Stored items

-----

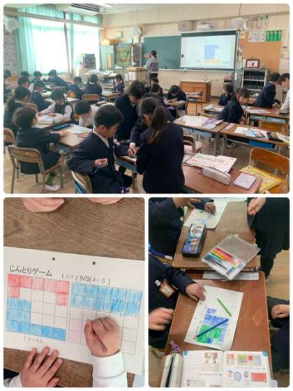「どちらがひろい?」という学習内容で、陣取りゲームをしています。
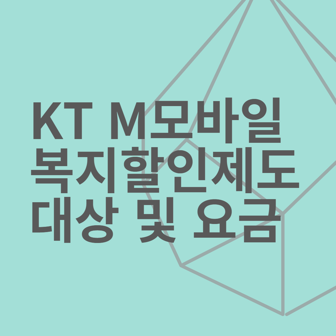 KT M모바일(알뜰폰)의 복지할인 요금제는 장애인, 국가유공자, 기초생활수급자, 차상위계층 등 복지 대상자를 위해 제공되는 할인 요금제입니다. 이 요금제는 기본 요금 감면과 함께 데이터, 음성통화, 문자 서비스 등을 저렴하게 이용할 수 있도록 설계되었습니다.
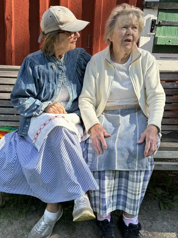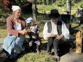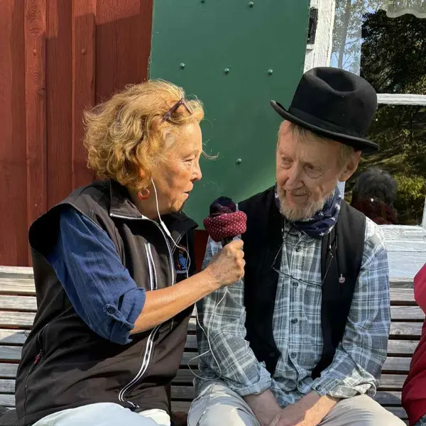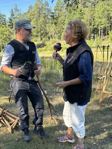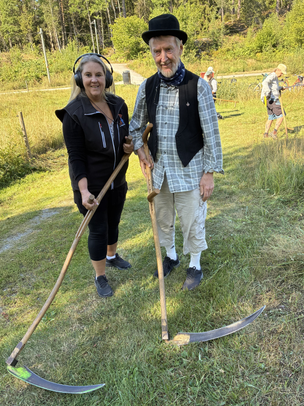 Programmakarna Ann Sandin-Lindgren och Carina Högberg var med på slåttern vid båtmanstorpet Ahlstorp en vacker lördag i mitten av augusti. Carina fick lära sig slå med lie av Jonas Hedlund och Göran Magnusson berättade historien om torpet som sköts av hembygdsföreningen. De fick också en pratstund och åktur med ägarna av hästen Vinter som körde barn och äldre fram och tillbaka till Alby. Henrik Hallgren spelade flöjt och berättade sagor.
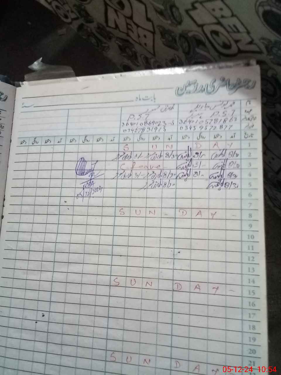 | CNIC | Full Name | Designation | R/C | Absence During Last Calender Month |
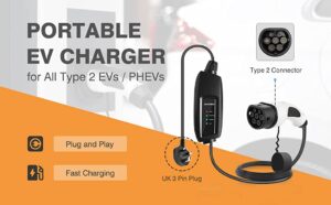 Keruida Type 2 EV Charger 10A 2.2kW, Portable EV Charger with UK 3 Pin Plug, Type 2 Charging Cable 6 Metres Electric Vehicle Charger with Single Phase, IEC 62196-2 Home EV Charging Station 220V-240V
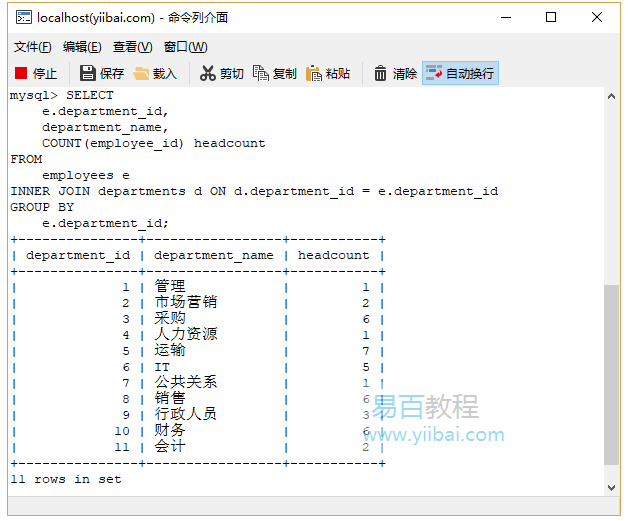 我们将使用示例数据库中的employees和departments表来演示group by子句的工作方式。

-----

## REQUIRED ACTION
Please extract exactly the lines of the data, from the first through the line containing "KT M모바일(알뜰폰)의 복지할인", and add no pictures to the copy.

## OUTPUT FOR THIS TASK
「どちらがひろい?」という学習内容で、陣取りゲームをしています。
 KT M모바일(알뜰폰)의 복지할인 요금제는 장애인, 국가유공자, 기초생활수급자, 차상위계층 등 복지 대상자를 위해 제공되는 할인 요금제입니다. 이 요금제는 기본 요금 감면과 함께 데이터, 음성통화, 문자 서비스 등을 저렴하게 이용할 수 있도록 설계되었습니다.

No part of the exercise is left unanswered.